This is a food industry point of view. pH is a preservative principal which industry targets to make shelf life/ have a safe food product. To make an industry quality product at room temperature I would get below pH 3.8 (where you started). You are at the edge of beer production rules ie keep it refrigerated, ,,, or sterile filter/ pasteurize. *Risk? ,,, mostly cosmetic/ off flavors*, at pH 4 or 4.3 with 12% ABV you should not have health issues. 
1) Merlot at pH 4,, would plan on drinking within two years, key is do you like the flavor now? ,,,this is close to target and before pH meters no one would think anything about it.
2) Syrah at 4.3,, if you like the flavor plan on using it up in a year, if you want a few years shelf life drop the pH.

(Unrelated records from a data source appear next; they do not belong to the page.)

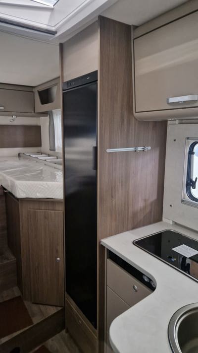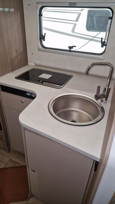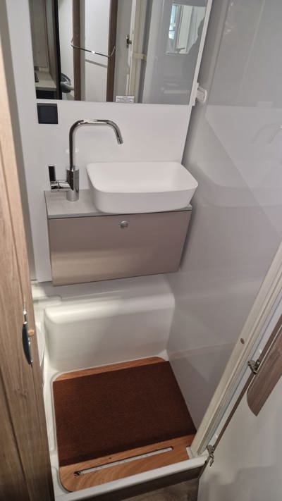 In der Küche findet sich mit Kühlschrank, Spüle und 3-Flammen-Herd alles, was es für die Versorgung unterwegs braucht. In der angrenzenden Dinette finden die Reisenden Platz, um gemeinsam zu essen und den Tag ausklingen zu lassen. Das Bad ist mit WC, Waschbecken sowie Dusche ausgestattet. Warmwasser wird über die Gasheizung erzeugt.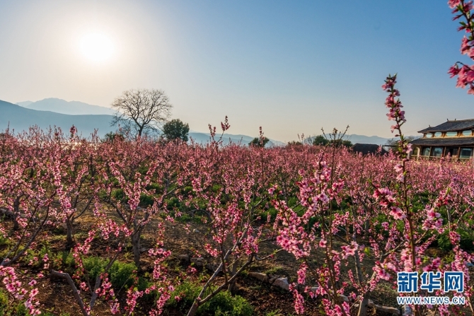 洱源縣茈碧湖鎮(zhèn)海口村委會官營村,桃花競相綻放(攝于3月18日)。新華網(wǎng)發(fā)(羅新才/攝)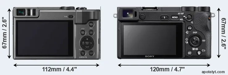 | Body Specs | Panasonic TZ90 | Sony A6500 |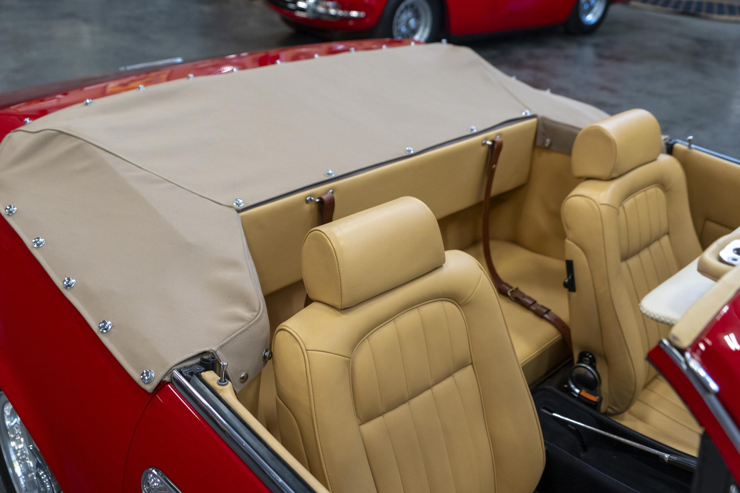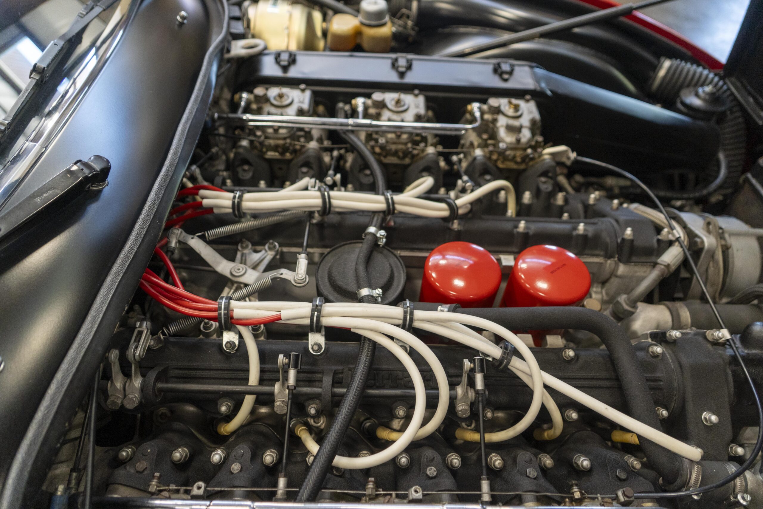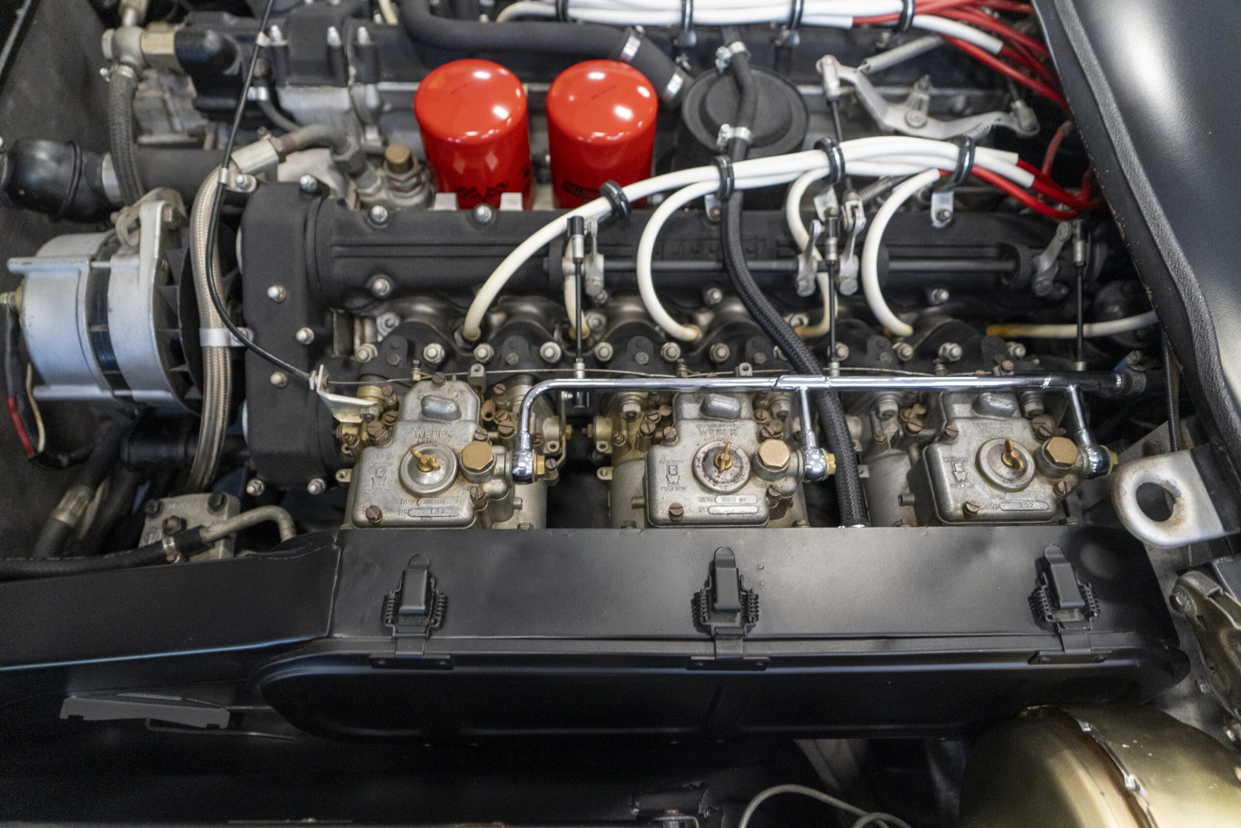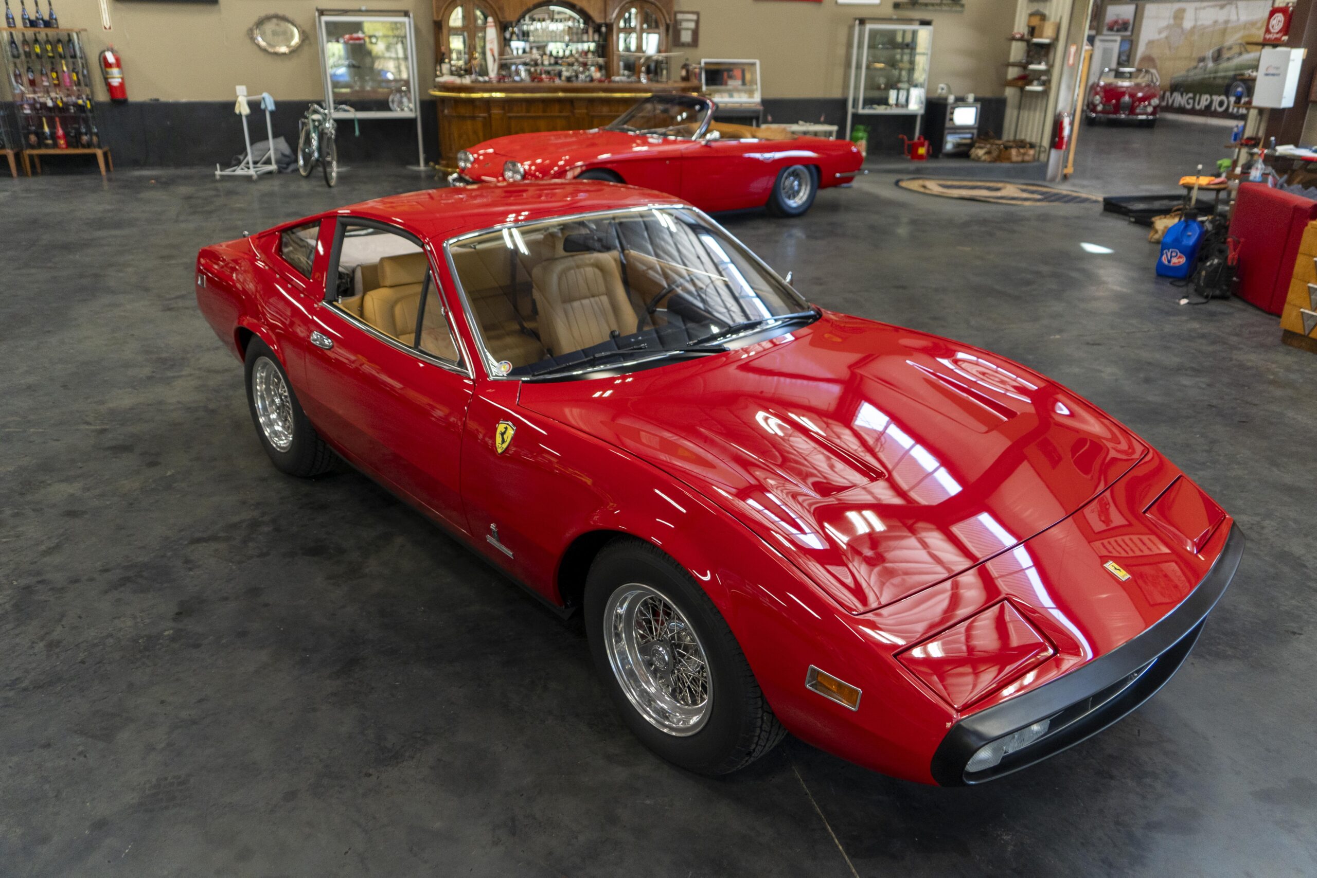 Ferrari 365 GTC/4 Spyder s/n 14745 is gorgeous with the top down, elegant with the top up and striking with the hardtop in place! She sits on an excellent set of 7 1/2″ x 15″ Borrani 4075 wheels with three-eared knockoffs and wears a set of Pirelli Cinturato HS 215/70 R15 tires with a correct 7 1/2″ x 15″ Borrani 4075 spare wheel and tire. 365 GTC/4 s/n 14745 is a Euro model and so doesn’t suffer through the power killing US smog pump, diverter valve, air injection tubing and air mixture tubes on the US models! Even better, because she is pre-1975 production Ferrari, 365 GTC/4 s/n 14745 is smog exempt in California and every other state.Â

By the way, I target under 3.5.


mendozer said:


> no other ideas about ph? or should i just let it be?


----------



## mendozer (Mar 12, 2022)

I'd like to not have to guzzle it all down in a few years, so i think i will try lowering it. Not sure how just yet


----------



## Rice_Guy (Mar 12, 2022)

You really only have one choice that moves your pH, to add back acids which were removed from the original juice. Some acids as HCl are stronger than food acids. Otherwise sticking to food acids you are going to push the TA up. ,,, The more acid salts you have in the system/ wine, the more buffering which translates into it currently takes more grams of tartaric to push the pH down and that translates into it takes more sweet to balance the TA.

@mendozer Too bad you don’t have a high acid northern hybrid as Marquette or PetitePearl (TA of 0.7 to 1.10%) to blend in to make the numbers fall in place.

Age related changes take a few years, welcome to the decisions country wine makers do.


----------



## winemaker81 (Mar 12, 2022)

mendozer said:


> I'd like to not have to guzzle it all down in a few years, so i think i will try lowering it. Not sure how just yet


Pay attention to taste. Would you rather have a wine that tastes too sharp but has a 10 year lifespan, or a wine you love but have to drink up within 2 years?

I don't focus as much on the numbers, but I agree with @Rice_Guy that your pH needs lowering. Since it's FAR easier to add more than take some out, I suggest you calculate how much acid you need to reduce the pH to 3.5, then add 1/4 that amount. Stir well, let the wine set for a month, then check the pH and taste. Repeat unless you think the wine is getting too sharp.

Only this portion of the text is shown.